Jun 042009
 

I find it interesting that badges (or buttons, where I come from) are seen by many as having a kindred relationship to book art. For instance, there is a research project going on at the Centre for Fine Print Research at the University of the West of England, What will be the Canon for the Artists’ Book in the 21st Century?They “aim to extend and sustain critical debate of what constitutes an artist’s book in the 21st Century.” To go along with this, there is a genealogical-type tree diagram available at the web site. Here, an attempt is made to illustrate how the book arts and related art forms are linked to each other. People who want to participate in the research project are encouraged to download the diagram and, if so desired, rearrange or rewrite parts of it to suit their own understandings of how these things fit together.

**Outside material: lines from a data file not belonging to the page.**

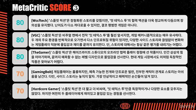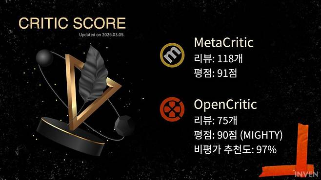 [CRITIC SCORE] 코너는 글로벌 신작의 주요 매체 평가를 요약해 정리해보는 코너입니다. 평점 기준 상위, 하위 총 15개 매체의 크리틱 점수와 요약 설명을 정리해 보다 쉽고, 빠르게 게임에 대한 시장의 의견과 시선을 살펴보길 원하는 게이머 여러분을 돕고자 합니다.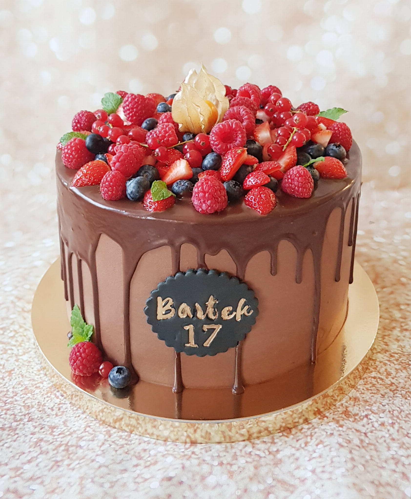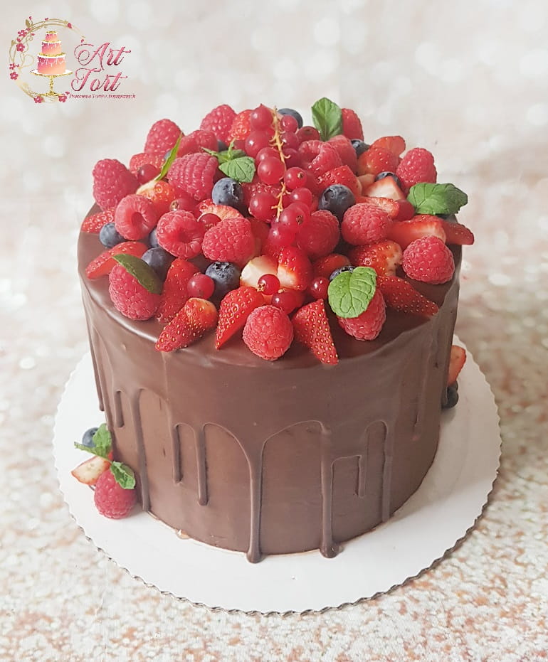 Tort czekoladowy oblany czekoladą z owocami- aktualnie dostępnymi. Od 30 porcji wykonywany w dwóch piętrach.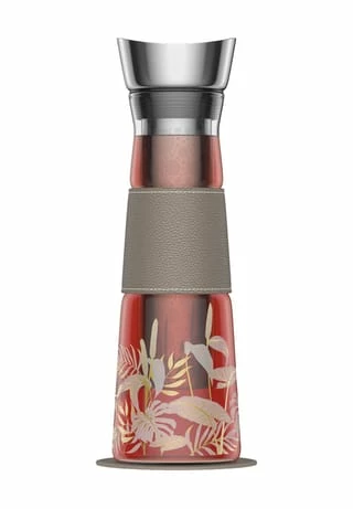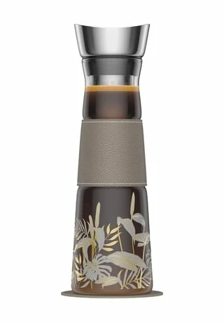 Besonderheiten: aus Borosilikatglas mit Kunstledermanschette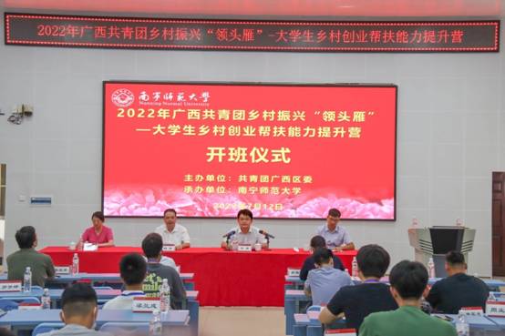受共青团广西区委委托,我校继续教育学院承办的2022年广西共青团乡村振兴“领头雁”-- 大学乡村创业帮扶能力提升营于7月12-15日在学校顺利举行。培训对象主要是全区2020年以来毕业返乡创业的大学毕业生共41人。共青团广西区委青年发展部苏甫部长出席开班仪式,沈彦东四级调研员主持开班仪式。

As currently assembled, badges, postcards, cards, posters, and bookmarks are considered sibling offshoots to artists’ books. These are all things I’ve been involved with for many years.

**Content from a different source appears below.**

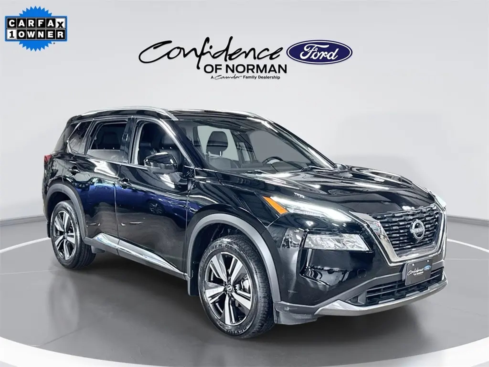 Welcome to Confidence Ford of Norman, a Cavender Auto Family dealership. This vehicle is located at 825 N Interstate Dr, Norman, OK 73069. Here at Cavender, we build relationships based on trust and integrity to exceed your expectations in your ownership experience. Quite simply, we strive to Make Confidence Happen! So stop by and allow us to serve your automotive needs we would love to meet you. Super Black 2023 Nissan Rogue SL AWD 1.5L I3 Turbocharged DOHC 12V LEV3-ULEV50 201hp CVT with Xtronic Features: AWD, 19' Aluminum Alloy Wheels, 4-Wheel Disc Brakes, ABS brakes, Automatic temperature control, Four wheel independent suspension, Fully automatic headlights, Heated Front Bucket Seats, Memory seat, Power Liftgate, Power moonroof, Remote keyless entry, 5.604 Axle Ratio, 6 Speakers, Air Conditioning, Alloy wheels, AM/FM Radio, AM/FM radio: SiriusXM, Auto High-beam Headlights, Auto-dimming Rear-View mirror, Black Splash Guards (Set of 4), Brake assist, Bumpers: body-color, Chrome Rear Bumper Protector, Delay-off headlights, Driver door bin, Driver vanity mirror, Dual front impact airbags, Dual front side impact airbags, Electronic Stability Control, Emergency communication system: NissanConnect Services, First Aid Kit, Floor Mats w/2-Piece Cargo Area Protector, Front anti-roll bar, Front Bucket Seats, Front Center Armrest, Front dual zone A/C, Front reading lights, Heated door mirrors, Heated front seats, Heated steering wheel, Illuminated entry, Knee airbag, Leather steering wheel, Leather-Appointed Seat Trim, Low tire pressure warning, NissanConnect featuring Apple CarPlay and Android Auto, Occupant sensing airbag, Outside temperature display, Overhead airbag, Overhead console, Panic alarm, Passenger door bin, Passenger vanity mirror, Power door mirrors, Power driver seat, Power passenger seat, Power steering, Power windows, Radio data system, Rear anti-roll bar, Rear Parking Sensors, Rear reading lights, Rear seat center armrest, Rear side impact airbag, Rear window defroster, Rear window wiper, Security system, Speed control, Speed-Sensitive Wipers, Split folding rear seat, Spoiler, Steering wheel mounted audio controls, Tachometer, Telescoping steering wheel, Tilt steering wheel, Traction control, Trip computer, Turn signal indicator mirrors, and Variably intermittent wipers. Odometer is 28858 miles below market average! CARFAX One-Owner.
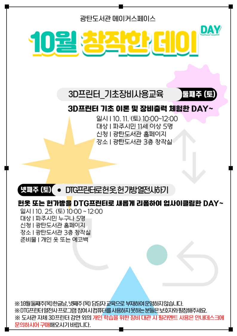 ※ 개인 옷 또는 에코백을 준비물로 지참해주세요. (에코백은 A4사이즈 이상, 너무 두껍지 않은 천가방)![]() [광탄도서관 메이커스페이스] 창작한데이DAY - DTG프린터로 헌옷, 헌에코백 열전사하기 일시 10. 25. (토) 10:00 ~ 12:00 장소 3층 창작실 대상 파주시민 누구나 5명(컴퓨터 미사용자 보호자 필참) 신청 광탄도서관 홈페이지 접수(선착순 마감) 내용 DTG프린터를 활용하여 헌옷 또는 헌에코백에 열전사하여 업사이클링하기 문의 031-940-5827 |

The badges, though, almost make me giggle. I was the weird girl at my small high school on the Central Coast of California. I mean, the really weird girl. Come to think of it, in Jr. High as well. I remember giving speeches in 8th grade English class on topics such as “the Joy of Nonconformity” and “How to Make People Stare at You.” To give you an idea what life was like there, one of the great moments of pride for my alma mater was when our Future Farmers of America cattle judging team won a big trophy at a competition in the Midwest. This was the early 80s. Needless to say, I did not judge cattle. Nor did I fit in.

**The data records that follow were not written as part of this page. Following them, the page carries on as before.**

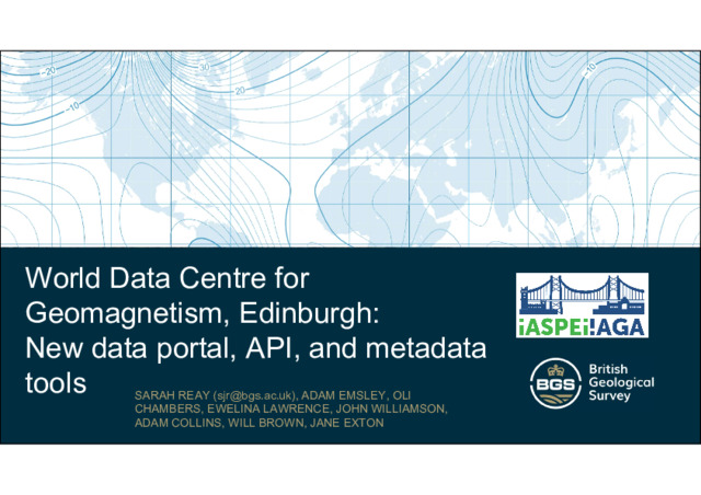 Reay, Sarah; Emsley, Adam; Chambers, Oli; Lawrence, Ewelina; Williamson, John; Collins, Adam; Brown, Will; Exton, Jane. 2025 World Data Centre for Geomagnetism, Edinburgh: New data portal, API, and metadata tools. [Speech] In: IAGA-IASPEI Joint Scientific Meeting 2025, Lisbon, Portugal, 31 Aug - 5 Sep 2025. (Unpublished)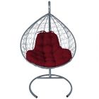 МГКИР-13-02 Подвесное кресло XL с ротангом серое, бордовая подушка
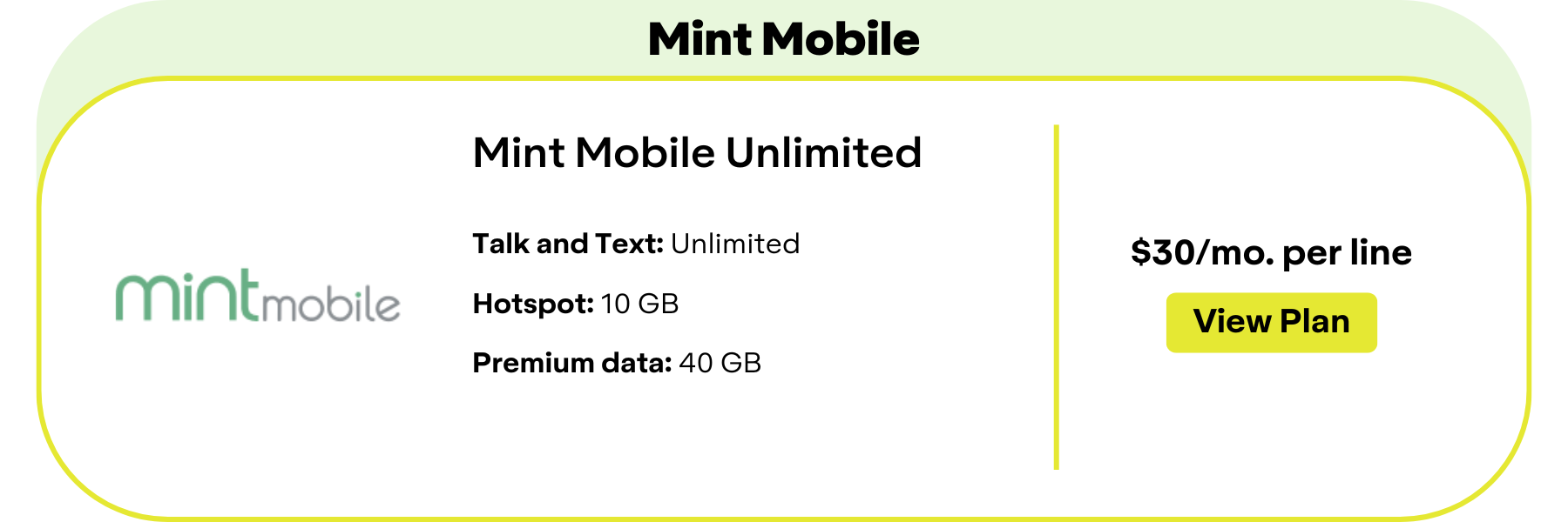 Mint’s plans are designed for flexibility and savings. All plans come with nationwide coverage, unlimited talk and text, and mobile hotspot access — you just choose your data amount and plan length.

As part of my campaign of nonconformity and goading the locals, I saved up and bought something special for myself by mail order. I didn’t know anyone else at the time who had one of these miraculous gizmos. It was….a button machine. Oh, did I have fun.

I just came across some of my old buttons, now mostly rusted. If I’d only known then what I know now. When they looked at me askance, I could’ve told them I was a book artist practicing my craft.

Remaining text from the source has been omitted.